Melissa Chanel is wearing a roller set.
Before you cringe, hear me out. I’ve found that if I don’t apply some kind of gel to my twists, then my hair will only hold a curl for 1 hour in humidity. For some reason the gel really helps keep the effects of humidity on my hair to a minimum. I don’t use gels with alcohol or harmful ingredients. My favorite gels for twist outs are Olive Oil Eco Styler gel, Argan Oil Eco Styler gel, flax seed gel and aloe vera gel. Below is a picture of a twist out on my freshy washed hair after using a combination of shea butter, coconut oil andArgan Oil Eco Styler Gel. My curls appear tight, but will stretch each time I re-twist my hair throughout the week.
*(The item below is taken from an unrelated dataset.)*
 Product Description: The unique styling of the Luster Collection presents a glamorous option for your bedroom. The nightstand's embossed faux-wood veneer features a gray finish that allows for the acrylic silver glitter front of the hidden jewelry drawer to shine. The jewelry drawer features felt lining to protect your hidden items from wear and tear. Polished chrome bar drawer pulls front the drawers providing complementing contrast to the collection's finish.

This pomade was created specifically to keep hair frizz free during humid weather. It’s heavy pomade and a little goes a long way. You MUST use this product on DRY hair. If you use it on wet hair, your hair will turn into the frizzy, bushy mess that you’re trying to avoid.
I began using this product when I was trying to discover what worked best for my natural hair while in college. I saw YouTube reviews and thought I’d give it a whirl. You can use Sabino Moisture Block on wet or dry hair. This product truly seals your hair so that moisture won’t stand a chance. I finished the bottle a few years ago and didn’t bother to purchase another. Not because I didn’t like the product, but because I was experimenting and found other ways to combat humidity. A dab of moisture block on each twist is all you need to see great results.
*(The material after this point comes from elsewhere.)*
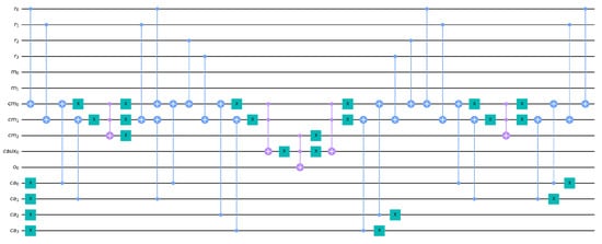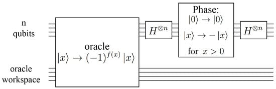 This is a convenient formulation, since the diffusion operator is standardized and not problem-specific, as opposed to the oracle , whose design is the main concern when applying Grover’s algorithm to a problem. The complete structure of a Grover operator G is represented in Figure 5. Grover’s quantum search can be carried out with oracle calls, as expressed in (5), and since it is proven that no search algorithm can achieve a complexity lower than , or it is , we know that the Grover procedure is optimal [21,37].

Of course these tips and products will not prevent humidity from affecting your hair completely. Sometimes, you’ll get some swelling and the occasional bushy fro (sigh). Those are the times when there really is nothing you can do. However, if you decide to manipulate your curls, these tips and products might give you hope for more luxurious curls and less frizz this summer!
How do you maintain your hair styles during the humid summer?